Oxcin Eye Drop 0.5 % 5 ml Indications
Oxcin Eye Drop 0.5 % 5 ml is primarily indicated in conditions like Acute bacterial sinusitis, Chronic bronchitis, Lower respiratory tract infections, Oedema, Pneumonia, Short-term treatment of severe congestive heart failure, Sinusitis, Skin infections, Soft tissue infections, Upper respiratory tract infections, and can also be given in adjunctive therapy as an alternative drug of choice in Bacterial conjunctivitis.
Oxcin Eye Drop 0.5 % 5 ml is contraindicated in conditions like Heart failure,Bradycardia, Liver diseases, Electrolyte disturbance.
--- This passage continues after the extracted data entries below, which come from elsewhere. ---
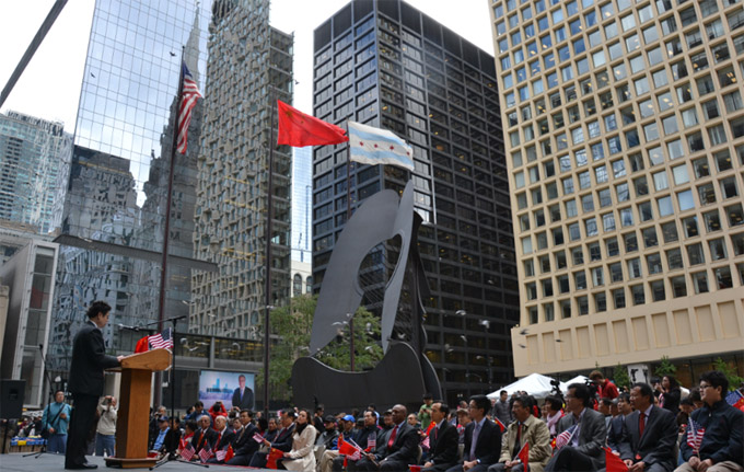 芝加哥侨学网报道】10月1日中国国庆66周年当天,大芝加哥华侨华人联合会(华联会)在芝加哥市中心戴利广场隆重升旗典礼,各界与会嘉宾见证红星红旗在这个特别的日子迎风飘扬,为祖国庆祝生日,同时也祝愿中美友好。
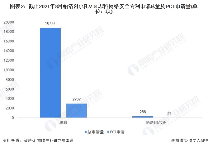 从专利申请量和PCT申请量来看,思科网络安全专利申请总量和PCT申请量均遥遥领先于帕洛阿尔托网络公司。截至2021年8月28日,思科网络安全专利申请总量为13018项,帕洛阿尔托为265项;思科网络安全专利PCT申请量为227项,帕洛阿尔托为7项。
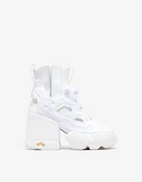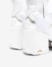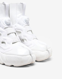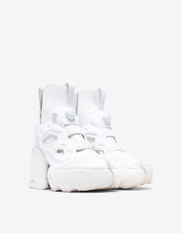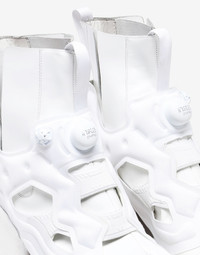 Introducing the Maison Margiela x Reebok collaboration, first launched in the Artisanal show and revealed in different colours during RTW. Hybridising the most familiar shoe codes of the two collaborators, the Maison's signature Tabi cleft toe shape from 1988 unites with Reebok's trailblazing sneaker from 1994, the Instapump Fury. This heeled rendition comes in brushed leather with a 11cm statement rubber sole – a Hexalite midsole provides cushioning and shock absorption and a Graphlite arch bridge lends flexibility and lightweight support. The Instapump foot chamber creates the maximum customised fit with a laceless construction. Featuring an architectural silhouette with two utilitarian pull tabs. Made in Italy. Item details 100% Bovine leather, Polyester, Elastane, Neoprene Logo Basic solid color Elasticized gores Leather lining Rubber sole Polished leather Square heel Rubber heel
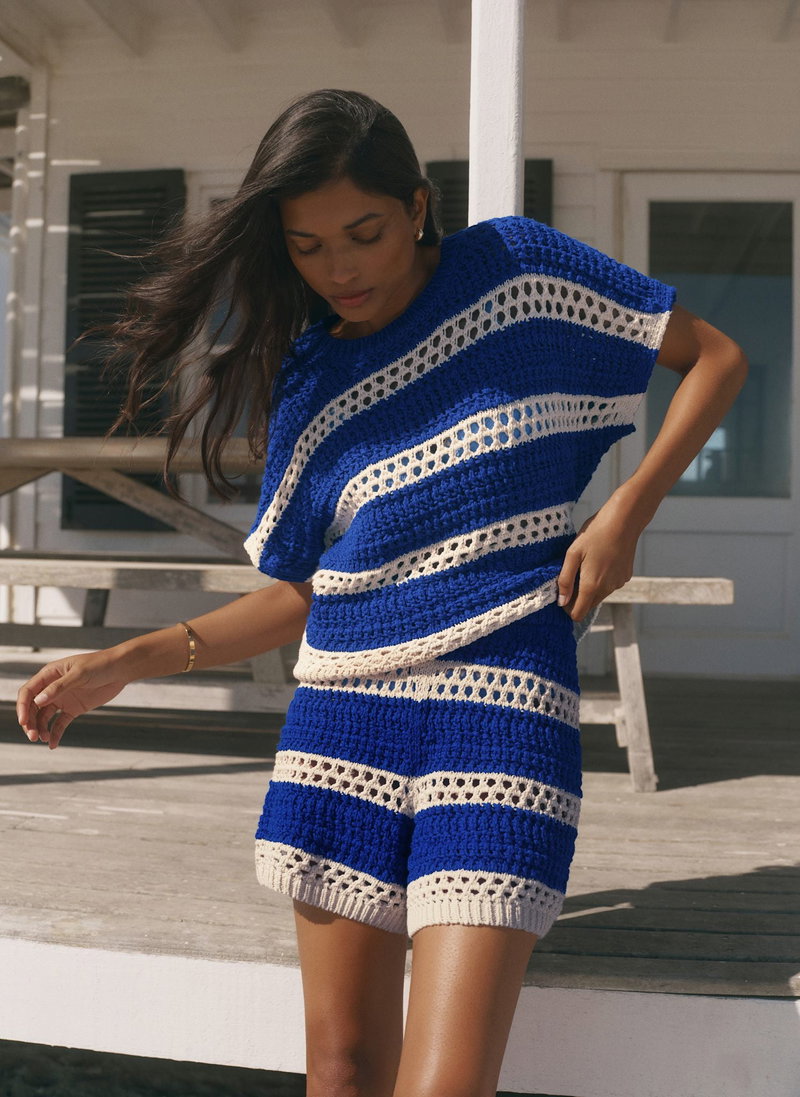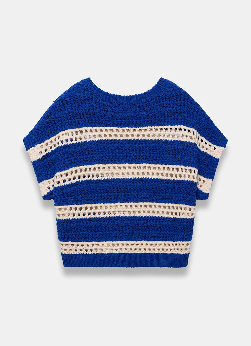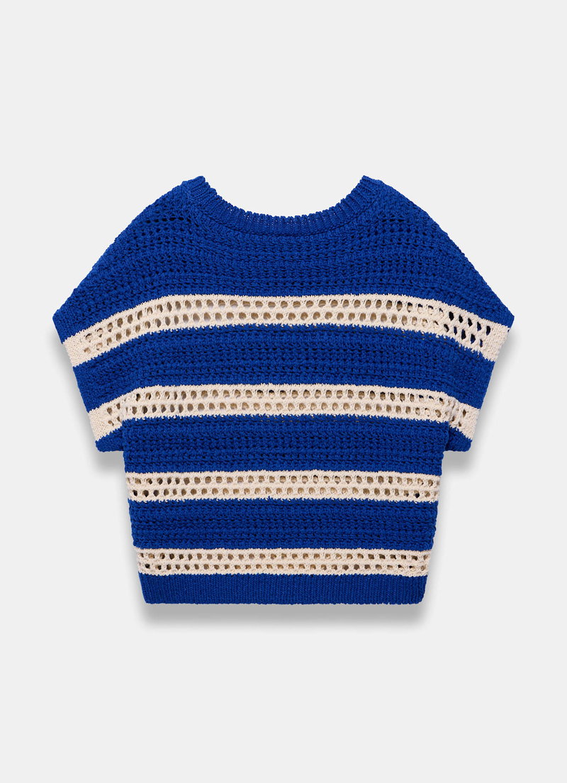 Blue tone striped open stitched top featuring a crew neckline and short sleeves.

The severe or irreversible adverse effects of Oxcin Eye Drop 0.5 % 5 ml , which give rise to further complications include Hypotension, Hypotension, Hyperglycemia, Dyspnea, Hyperuricemia, Hyperglycemia, Hyperlipidemia. Oxcin Eye Drop 0.5 % 5 ml produces potentially life-threatening effects which include Anaphylactic reactions, Atrial fibrillation, which are responsible for the discontinuation of Oxcin Eye Drop 0.5 % 5 ml therapy. The symptomatic adverse reactions produced by Oxcin Eye Drop 0.5 % 5 ml are more or less tolerable and if they become severe, they can be treated symptomatically, these include Dizziness, Headache, Drowsiness, Nausea, Vomiting, Diarrhea, Myalgia, Restlessness, Tachycardia, Tremors, Insomnia, Abdominal pain, Sweating, Skin rash, Dyspepsia, Pseudomembranous colitis, Hemolytic anemia, Thrombocytopenia, Edema, Hot flushes, Syncope, Gynecomastia, Abnormal LFT, Hypersensitivity reactions, Taste perversion, Superinfection, QT prolongation, Visual disturbances, dizziness, dyspepsia, Abnormal LFT, agranulocytosis, arthropathy, Tachycardia.
It should be used with caution in patients with known or suspected central nervous system disorders which may predispose to seizures or lower the seizure threshold. As no pharmacokinetics or pharmacodynamic data are available in severe hepatic impairment, the use of Oxcin Eye Drop 0.5 % 5 ml in this patients group is not recommended. Oxcin Eye Drop 0.5 % 5 ml should be used with caution in patients with known QT interval prolongation or uncorrected hypokalemia; in those receiving class IA (e.g quinidine or procaine amide) or class III antiarrhythmic agents (sotalol, ibutilide, amiodarone); and in patients who are receiving other agents known to increase the QT interval (e.g erythromycin, tricyclic antidepressants).